To reemphasize the statements at the beginning of Chapter 5, it should be noted that the computations performed in this section for determining an explicit value of β ∈ ℤ[θ] for the β of Note 2.4.1 are never actually performed in practice.
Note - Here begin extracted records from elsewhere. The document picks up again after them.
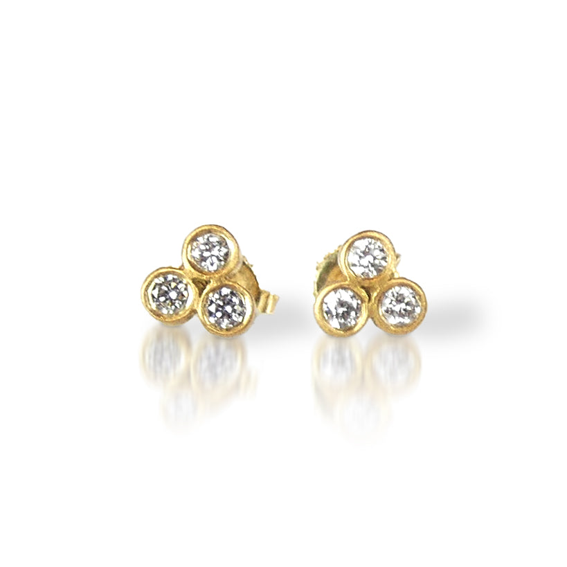 Marian Maurer's Triple Diamond Studs are an artistic twist on the timeless diamond stud earring. Three 2pt diamonds are bezel set in each handcrafted 18 karat gold earring, adding unique and refined sparkle to your look. These versatile studs are perfect as delicate everyday earrings, refined accents to an otherwise bold style, or beautiful adornments in nontraditional ear piercings.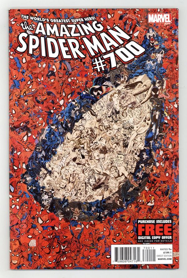 Direct Edition. Dying Wish: Part 2 of 2. Written by Dan Slott, J.M. DeMatteis and Jen Van Meter. Art by Humberto Ramos, Giuseppe Camuncoli, Stephanie Buscema, Victor Olazaba and Sal Buscema. Cover by Mr Garcin. Marvel Comics proudly presents the end of a 700 issue era! Featuring "Dying Wish: Suicide Run" by Dan Slott, Humberto Ramos and Victor Olazaba. Plus these extra amazing, spectacular and sensational stories: "Spider-Dreams" by J.M. DeMatteis, Giuseppe Camuncoli and Sal Buscema, and "Date Night: A Black Cat Storybook Adventure!" by Jen Van Meter and Stephanie Buscema. Also: cover gallery featuring all 700 Amazing Spider-Man covers; special previews of the all-new Spidey books; and the final Amazing Spider-Mail featuring Stan "The Man" Lee answering your questions! 104 pages, full color. Rated T+ Cover price $7.99.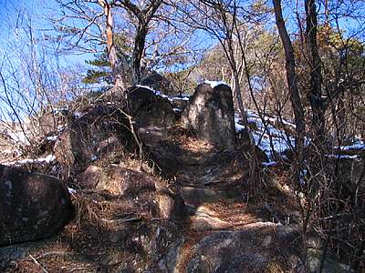 | 午後12時21分 登山道の勾配は大きめで、場所によっては岩場を乗り越えるようにして進みます。 ただ手を使ってよじ登るような大岩ではないので難しいようなことはありません。 |
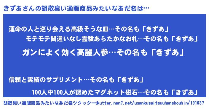 | 意味不明あだ名 | 『自称きずあ』『きずあフォーエバー』 |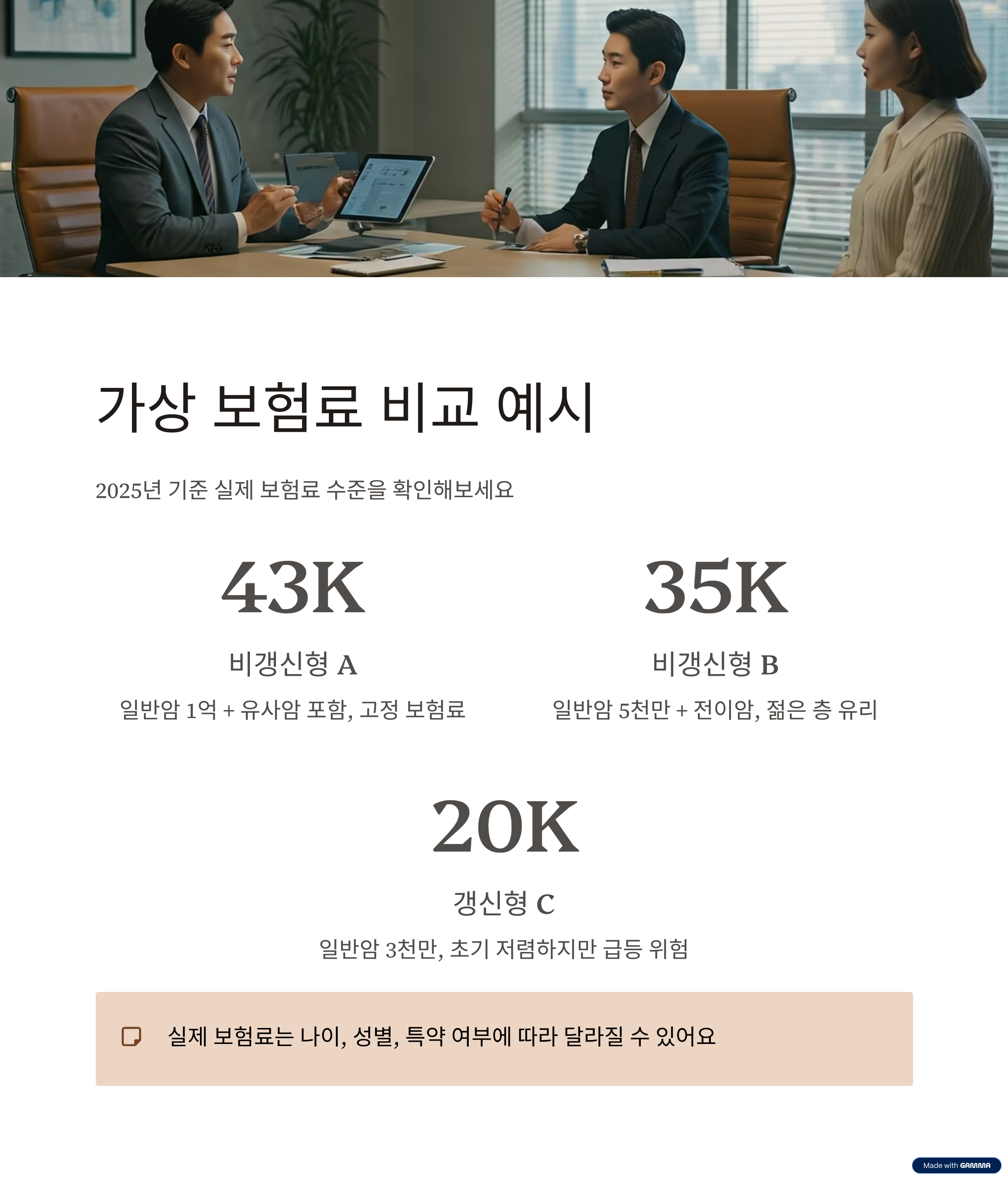 | 갱신형 C | 일반암 3천만 원 보장 | 20,000 ~ 25,000원 | 초기 보험료 낮음. 갱신 시 보험료 급등 가능성 있음 |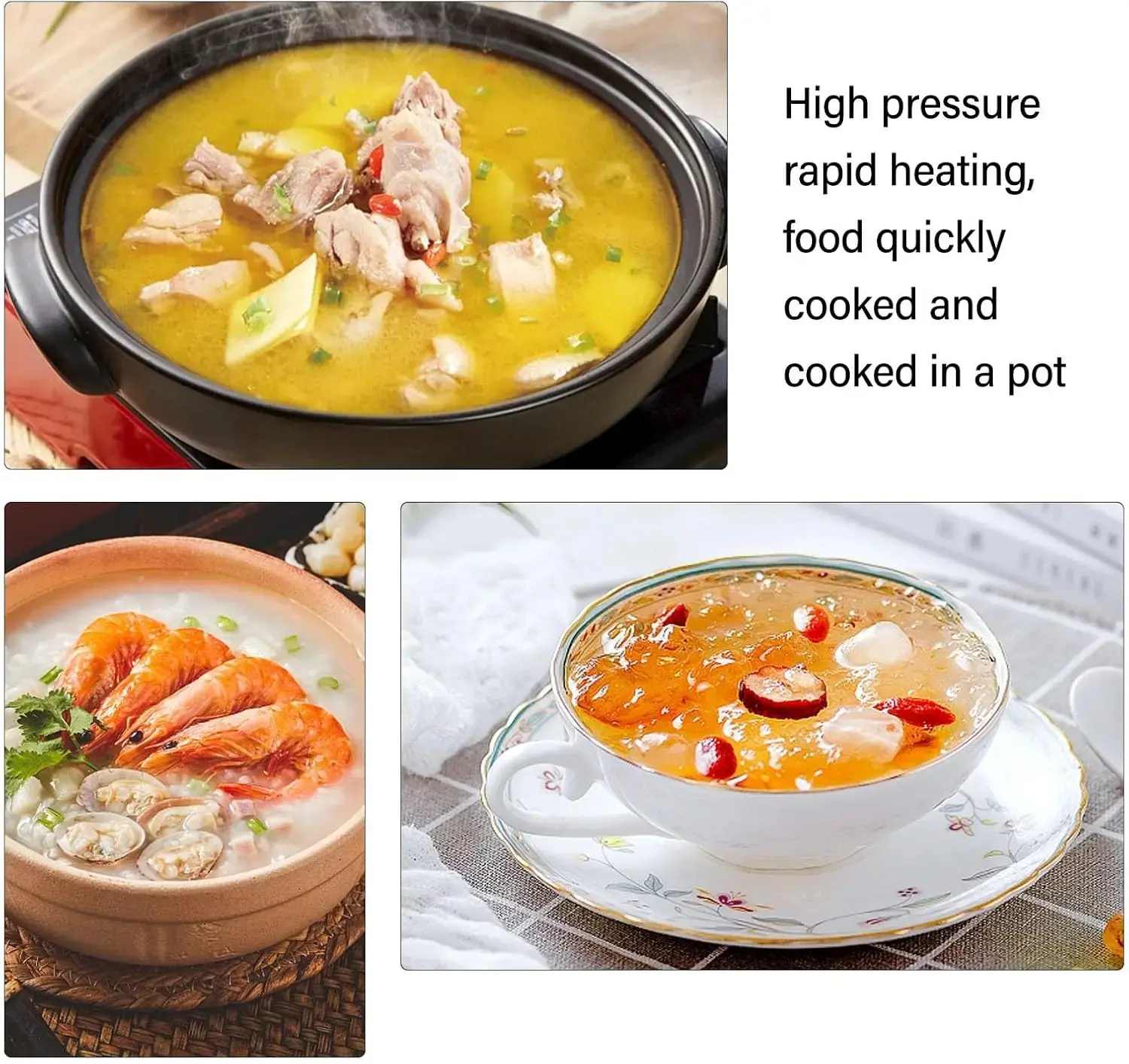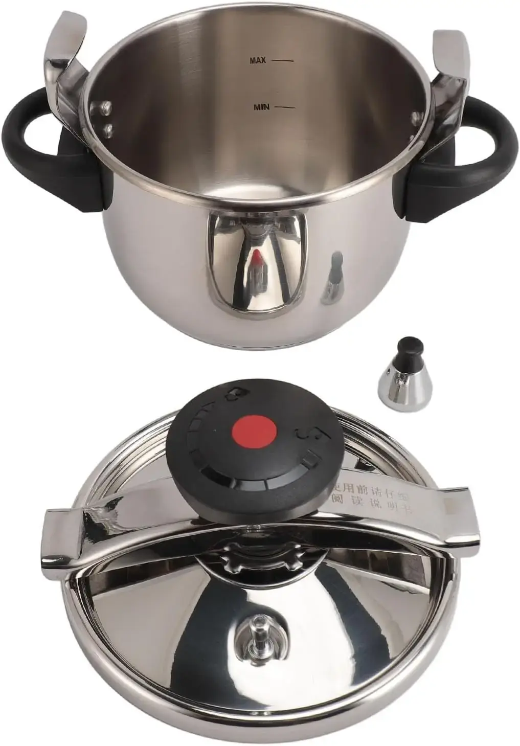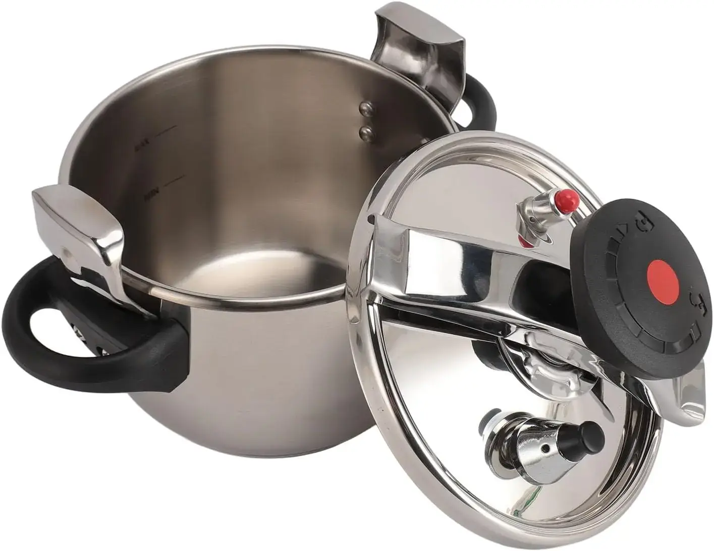 طهي فعال: طنجرة ضغط صغيرة مصنوعة من الفولاذ المقاوم للصدأ تطهو الطعام تحت ضغط عالٍ، مما يرفع درجة غليان الماء ويسرع عملية الطهي.يوفر الوقت ويحتفظ بالمزيد من العناصر الغذائية مقارنة بالطهي التقليدي.متوافق مع مواقد الحث الحراري، مواقد الغاز، المواقد الكهربائية، المواقد السيراميكية، وغيرها.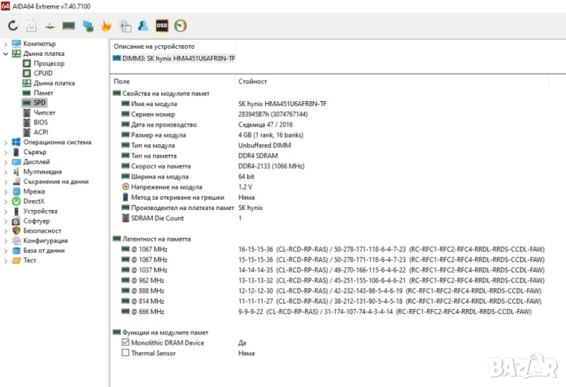 Памет - 4 GB DDR4-2133 DDR4 SDRAM (SK hynix HMA451U6AFR8N-TF)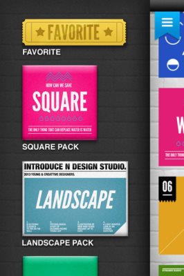 The question mark icon on the home screen will give you options to learn how to use the app. You also get the option to mark templates as favorites. When you are browsing through many templates and don’t want to loose the one you liked. Then you can mark them as favorites for quick access. All you have to do is press and hold on the template that you liked. A star will appear on that template indicating that it has been marked as favorite. For accessing your favorite templates all you have to do is slide your finger on the “Select Template” screen from left to right. This will open up your favorites menu in the left hand side space. Click on Favorites in yellow color at the top. You will be directed to your favorite templates.

Since the value n = 45,113 in this running example is small, however, the value for β may be computed to check the methods of §5.9, §5.10, and §5.11.

Begin by finding an explicit representation for the product of the a + bθ values corresponding to the (a, b) pairs found in Table 5.5:

δ = 2051543129764485 ⋅ θ² + 15388377355799440 ⋅ θ + 24765692886531904

= (−1 + θ) ⋅ (3 + θ) ⋅ (13 + θ) ⋅ (104 + θ) ⋅ (3 + 2 ⋅ θ) ⋅ (25 + 2 ⋅ θ) ⋅ (−8 + 3 ⋅ θ) ⋅ (48 + 5 ⋅ θ) ⋅ (54 + 5 ⋅ θ) ⋅ (−43 + 6 ⋅ θ) ⋅ (−8 + 7 ⋅ θ) ⋅ (11 + 7 ⋅ θ) ⋅ (856 + 11 ⋅ θ)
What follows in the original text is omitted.